> _Your instructions_: The reply should consist solely of the lines from the one that holds "这两盆大菜就已经占据半张桌子" through the last line of the material, reproduced exactly; no pictures belong in it.

[Opening Given entries section]

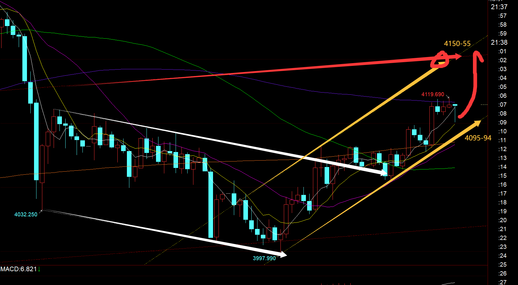 第三,黄金小时线级别:从上图通道分布看,隔夜收盘前已经突破站上了白色通道上轨,弱势格局也就结束,今日早间回踩确认上轨支撑大概是4060一线,而它也做了一次小刺穿假象,最低4055.5,稳住拉升后,就一路震荡上攻,每次出大阳,紧接着就是震荡回踩,再企稳继续出大阳;可以发现,每次回踩的低点都是前一波拉升的618分割处,4060、4078都是,所以它们都是看涨点,技术上也走的比较规范;欧盘拉升破高,今晚还有二次上涨,最后一波回踩618分割位置是4095-94,刚好也可以对应黄色通道下轨,触及继续看涨(当然,也可能回踩不到,那样只能说明它反弹力度加强了),阻力先留意4120-21,其次是4150,这两个位置是4244-3997的50 和618分割点,尤其重点关注4150,也是前期红色通道上轨,首次触及应该有些承压回落,毕竟是震荡期;但二次试探,三次试探去突破的话,就有望指向日线收敛三角上轨,接近4200-4190范围;
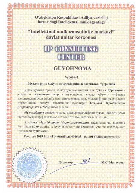 | 8541 | №001647 | Жамланма асар - "Жиноят – ижроия қонунчилигини такомиллаштириш масалалари (илмий-амалий семинар материаллари тўплами)" | Адилов Бахрамбек Кахраманович (50%), Сайдалиев Ахмадхон Махмудович (50%) | Адилов Бахрамбек Кахраманович, Сайдалиев Ахмадхон Махмудович | 10/17/2019 | ![]() |
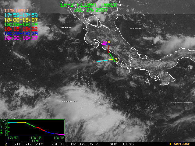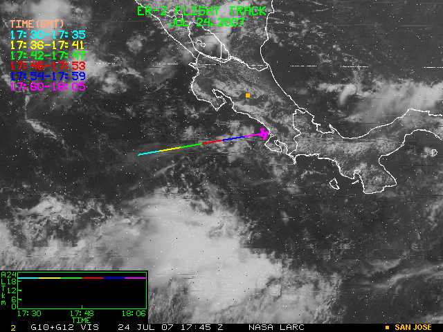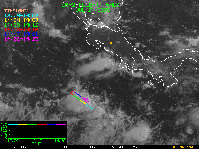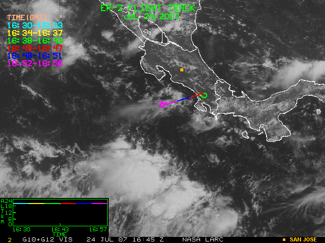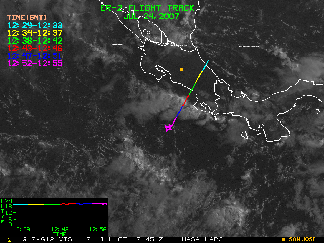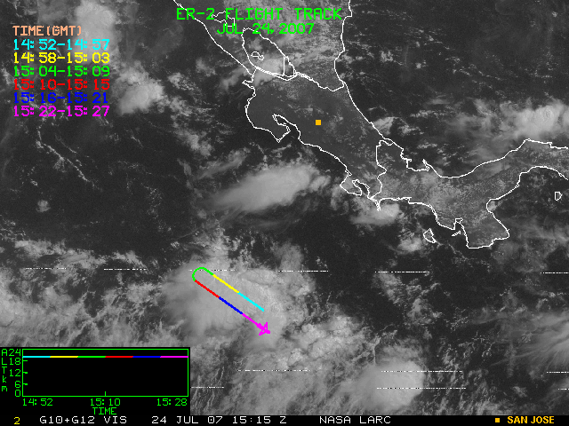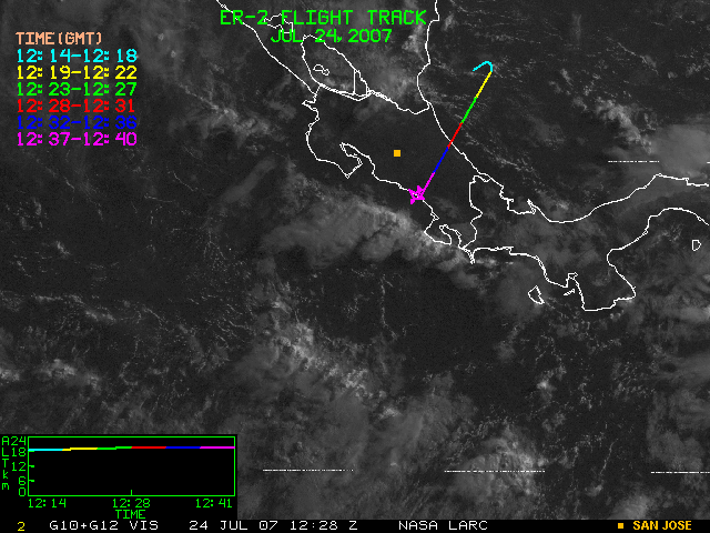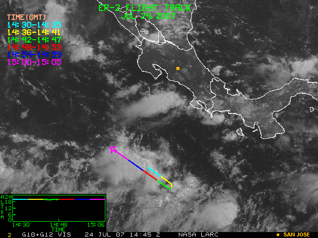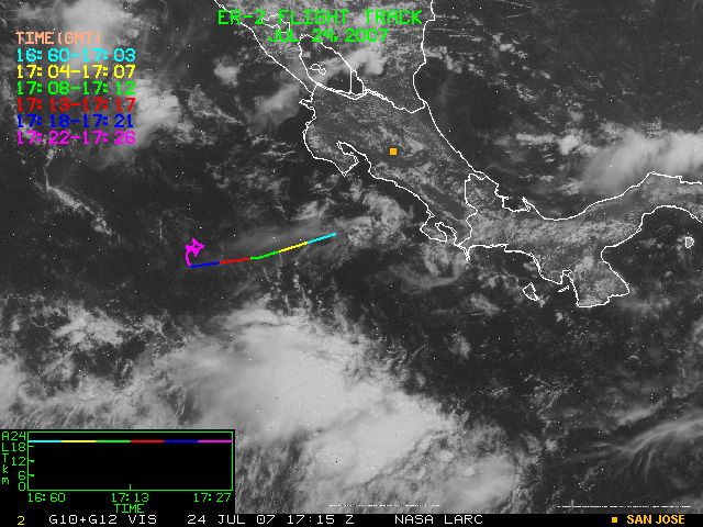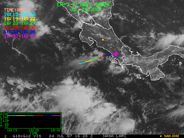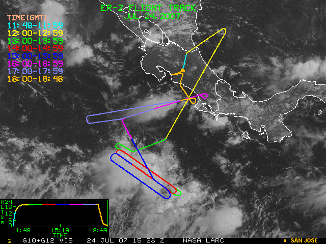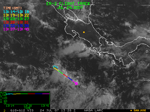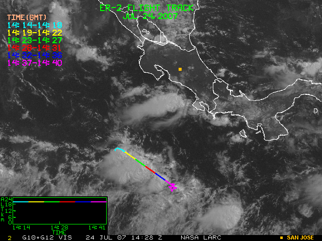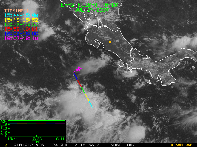 GOES (G10+G12) Visible image (24 July 2007 15:28 UTC) showing ER2 flight track
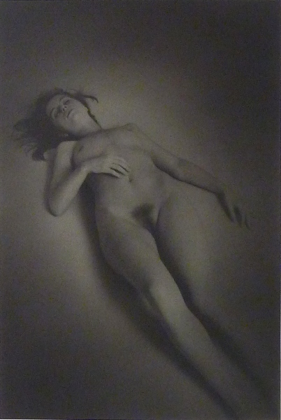 多彩な作品を発表している作家ですが、この「Naked Passion」のシリーズも、複数のプリントを使ってひとつのイメージを見せたり、モデルに映像を投影して撮影するなどいろいろな試みをしています。この作品も、モデルの周囲がぼうっと明るく浮揚感を感じさせるようにプリントされています。
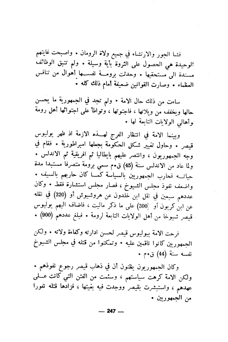وبينما الأمة في انتظار الفرج لهذه الازمة اذ ظهر يوليوس قيصر. وحاول تغيير شكل الحكومة بجعلها امبراطورية. فقام في وجه الجمهوريون، وانتصر عليهم بايطاليا ثم أفريقية ثم الاندلس. ولما عاد من الاندلس سنة (45) ق. م سمي برومة متصرفا مستبدا مدة حياته فحارب الجمهوريين بالسياسة كما كان حاربهم بالسيف. واضعف نفوذ مجلس الشيوخ، فصار مجلس استشارة فقط. وكان عددهم سبعين في نقل ابن خلدون عن هروشيوش أو (320) في نقله عن ابن كريون أو (300) على ما ذكر ماليت، فاضاف اليهم. يوليوس قيصر شيوخا من أهل الولايات التابعة لرومة. فبلغ عددهم (900).
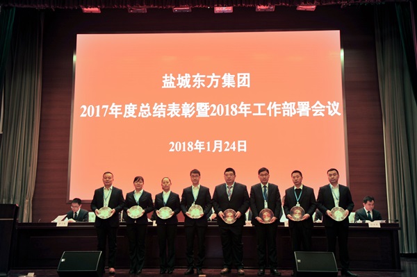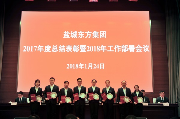 會議對15個先進(jìn)集體和25名先進(jìn)個人進(jìn)行了表彰;播放了東方集團(tuán)2017年發(fā)展回眸、2018年工作展望專題片《轉(zhuǎn)型創(chuàng)新東方紅》;6名集團(tuán)員工代表從不同層面作了表態(tài)發(fā)言;集團(tuán)班子成員依次向張振國遞交黨的建設(shè)責(zé)任書、安全生產(chǎn)責(zé)任書。
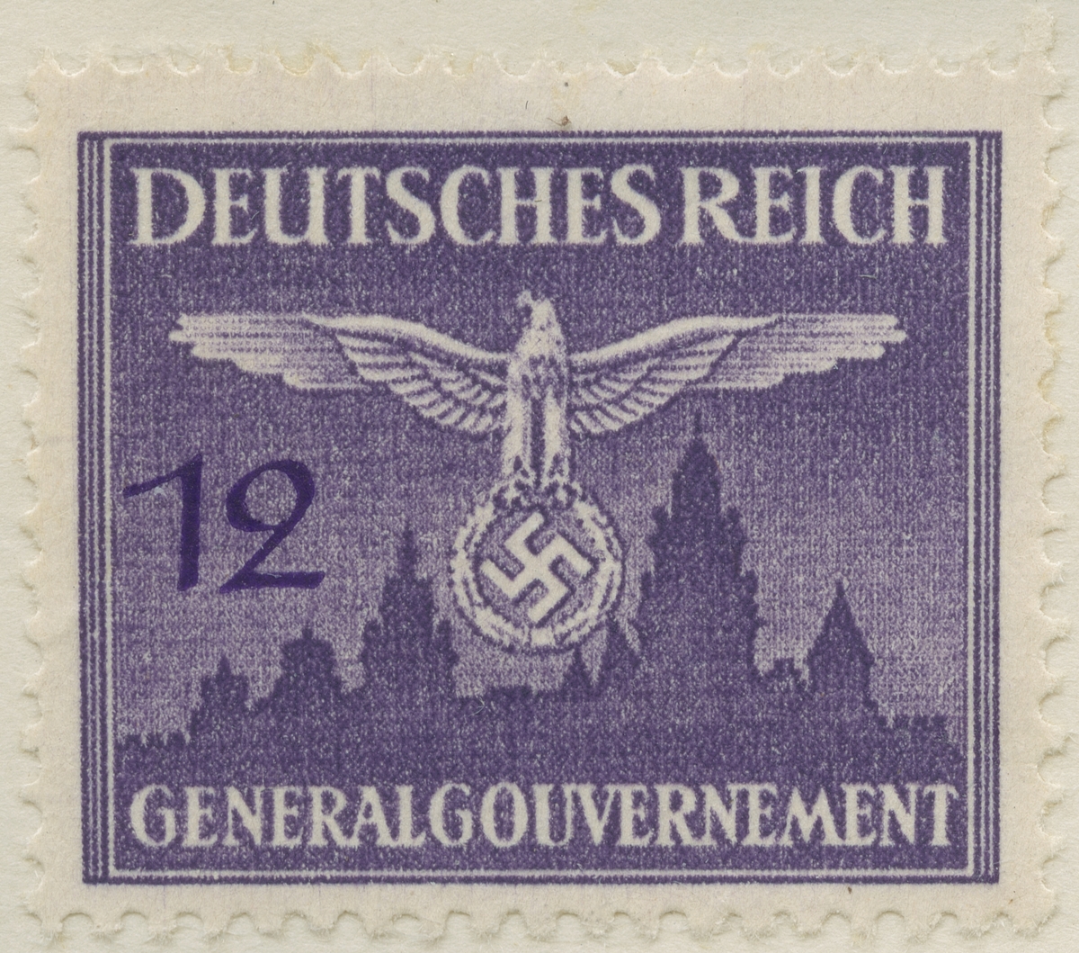 Frimärke från Polen, 1943. Motiv av Borgen i Krakau -Tyska örnen med Nazist emblem- - Tyska ockupationen av Polen: världskrig II-
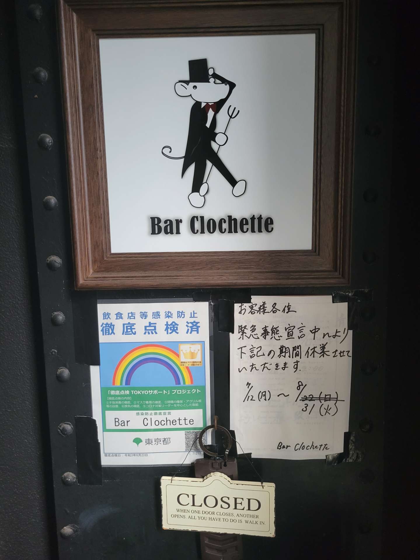 西葛西 バー クロシェット 緊急事態宣言の延長により休業を延長致します。 2021/08/17 西葛西 バー クロシェットです。 緊急事態宣言の延長により、当店の休業も延長致します。 旧 7/12(月)~8/22(日) ↓ 新 7/12(月)~8/31(火) 御不便をお掛けしますが何卒ご理解の程、よろしくお願い致します。 西葛西 Bar Clochette
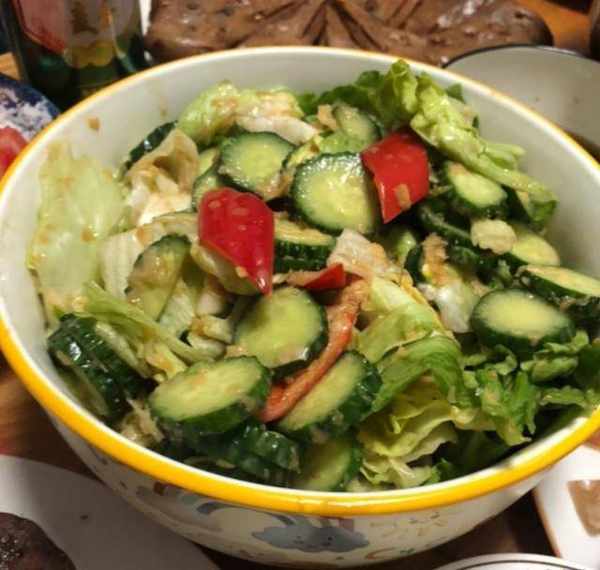 这两盆大菜就已经占据半张桌子,鸡肉牛肉都特别多,分量十足,少说也要两三百块钱。剩下的就是一些开胃小菜,可以让家里几个男人配着喝点小酒谈谈心事。皮冻QQ弹弹很爽口,裹上蒜泥一口下去,直击味蕾,又开胃又解馋,虽然是肉但是不油腻,有素菜的清爽感。
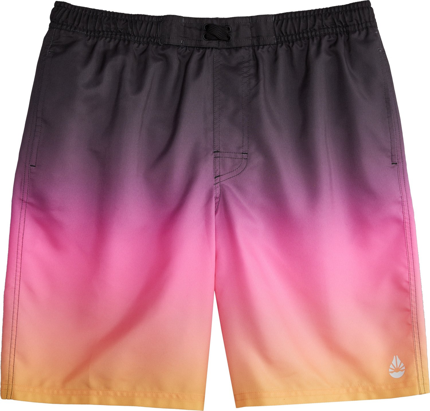 Showcase your stylish side off at the pool sporting the O'Rageous Men's Tri Ombre Print Board Shorts 9 in. The 100% polyester construction delivers comfort, while the UPF 30+ protection helps keep your skin safe from UV rays. An elastic waistband with a drawstring lets you tighten or loosen the fit, and the ombre stripe print adds style.

[Closing Given entries section]

> _Task solution_:
 这两盆大菜就已经占据半张桌子,鸡肉牛肉都特别多,分量十足,少说也要两三百块钱。剩下的就是一些开胃小菜,可以让家里几个男人配着喝点小酒谈谈心事。皮冻QQ弹弹很爽口,裹上蒜泥一口下去,直击味蕾,又开胃又解馋,虽然是肉但是不油腻,有素菜的清爽感。
 Showcase your stylish side off at the pool sporting the O'Rageous Men's Tri Ombre Print Board Shorts 9 in. The 100% polyester construction delivers comfort, while the UPF 30+ protection helps keep your skin safe from UV rays. An elastic waistband with a drawstring lets you tighten or loosen the fit, and the ombre stripe print adds style.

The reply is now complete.